Exercise brief:
The copy must match the data word for word and contain no pictures.

Information shown:
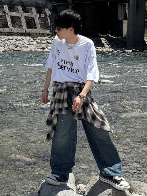 ロゴTシャツにルーズなシルエットのデニムパンツをあわせた夏のカジュアルコーデです。白とブルーを基調とした爽やかな配色に、オンブレチェックシャツを腰巻きすることで、着こなしにアクセントを加えています。シンプルな装いに程よく遊び心をプラスした、おすすめのコーデです。
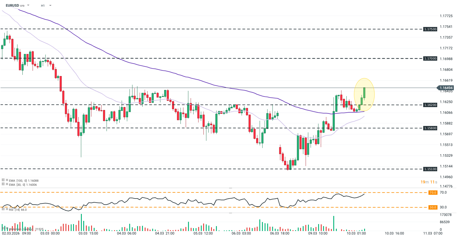 Navzdory slabosti v úvodu asijské seance se EURUSD odrazil od EMA100 (tmavě fialová) a vrátil se nad hranici 1,162, kde se nyní obchoduje na nejvyšší úrovni od 4. března.
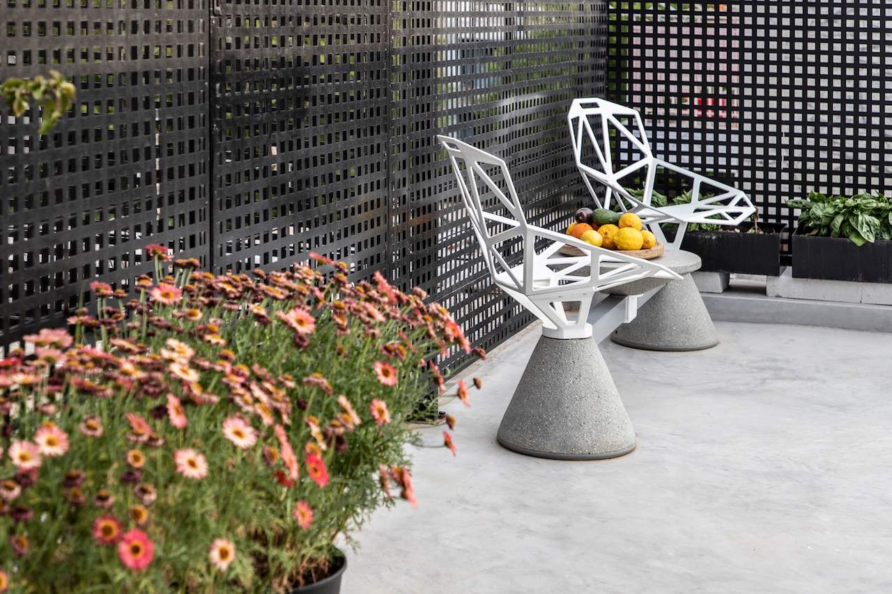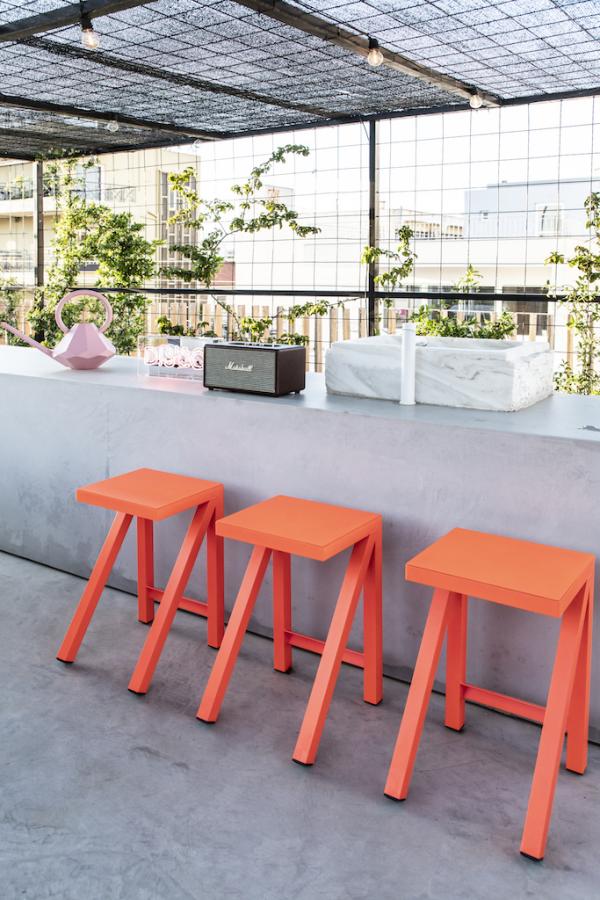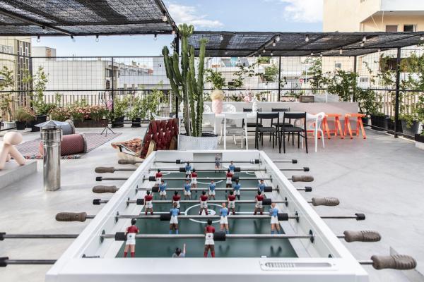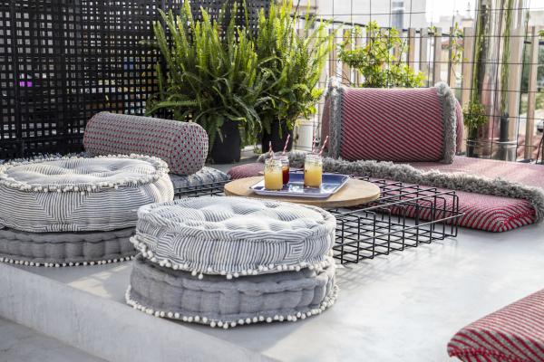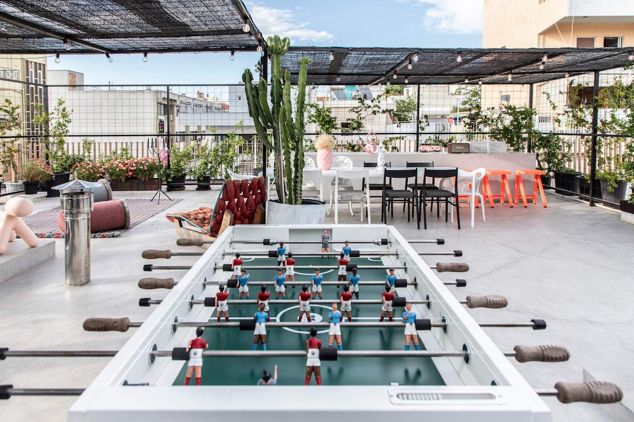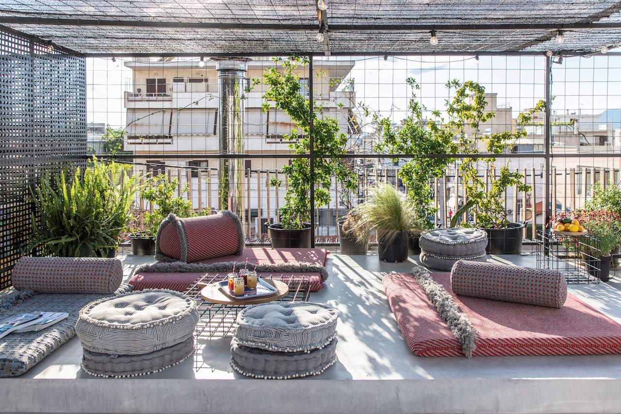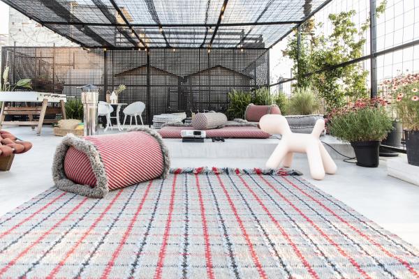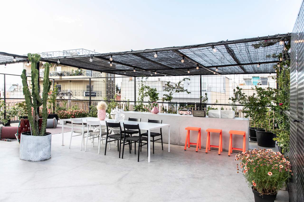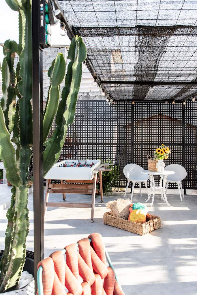 Surrounded by a metal wired fence on a concrete base, much alike a New York basketball court, it transforms with high end furnishings, Seletti lights and Nomad inspired pouf for the living room area.
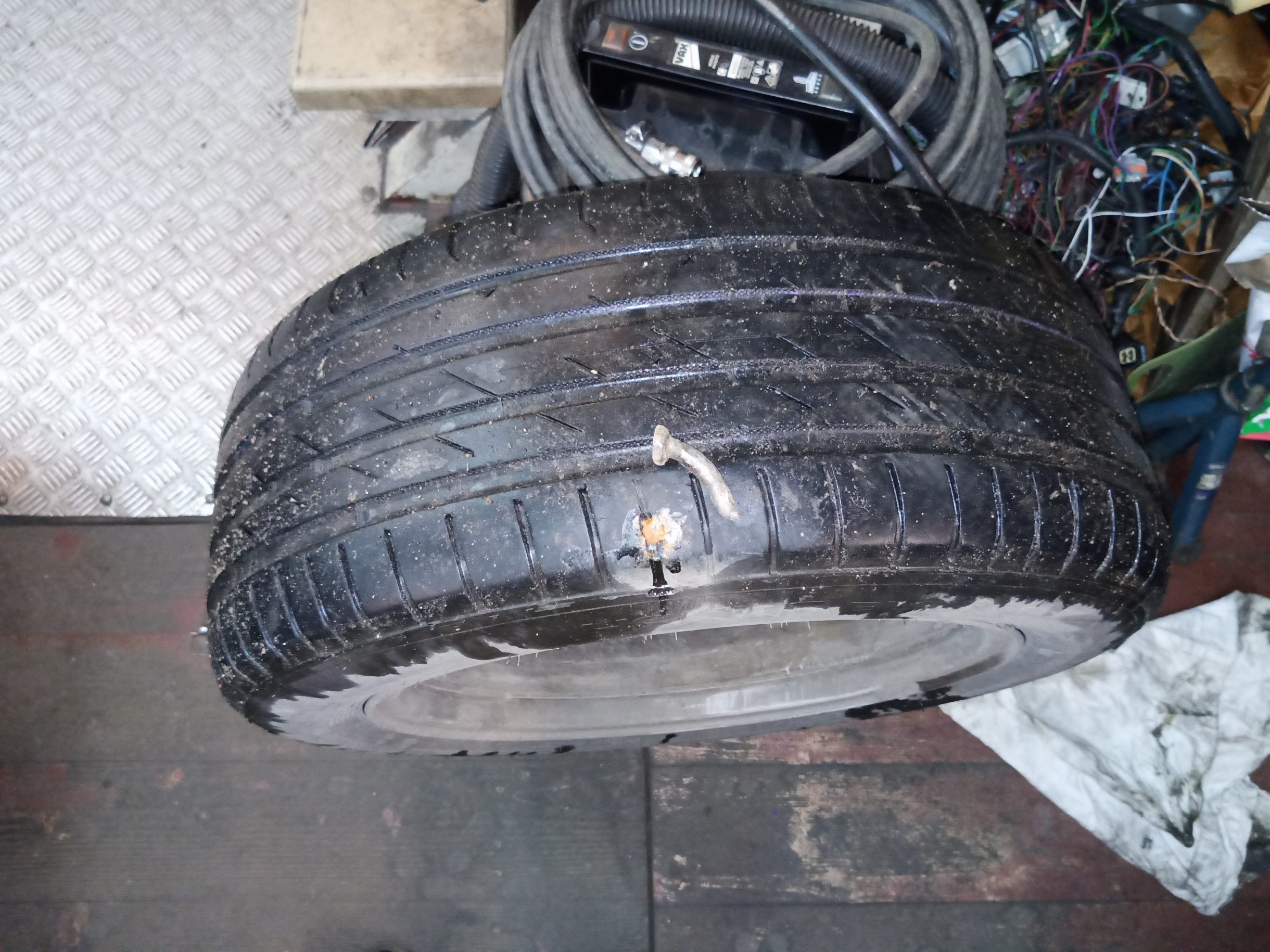 Вчера, меняя колеса на летние, я проверил их на наличие посторонних предметов и проколов- все было норм, но, приехав на место стоянки, проехав через ул.Победы, обнаружил в заднем колесе болт. Болт, Карл, даже не саморез! Судя по геометрическим характеристикам сего болта, прихожу к выводу, что им крепилось архитектурное творение в виде лежачего полицейского, которое руками, произрастающими из таза, подрядчика было демонтировано на время ремонта полотна, и не произведена в должной мере очистка дороги после работ.

Response to this exercise:
 ロゴTシャツにルーズなシルエットのデニムパンツをあわせた夏のカジュアルコーデです。白とブルーを基調とした爽やかな配色に、オンブレチェックシャツを腰巻きすることで、着こなしにアクセントを加えています。シンプルな装いに程よく遊び心をプラスした、おすすめのコーデです。
 Navzdory slabosti v úvodu asijské seance se EURUSD odrazil od EMA100 (tmavě fialová) a vrátil se nad hranici 1,162, kde se nyní obchoduje na nejvyšší úrovni od 4. března.
 Surrounded by a metal wired fence on a concrete base, much alike a New York basketball court, it transforms with high end furnishings, Seletti lights and Nomad inspired pouf for the living room area.
 Вчера, меняя колеса на летние, я проверил их на наличие посторонних предметов и проколов- все было норм, но, приехав на место стоянки, проехав через ул.Победы, обнаружил в заднем колесе болт. Болт, Карл, даже не саморез! Судя по геометрическим характеристикам сего болта, прихожу к выводу, что им крепилось архитектурное творение в виде лежачего полицейского, которое руками, произрастающими из таза, подрядчика было демонтировано на время ремонта полотна, и не произведена в должной мере очистка дороги после работ.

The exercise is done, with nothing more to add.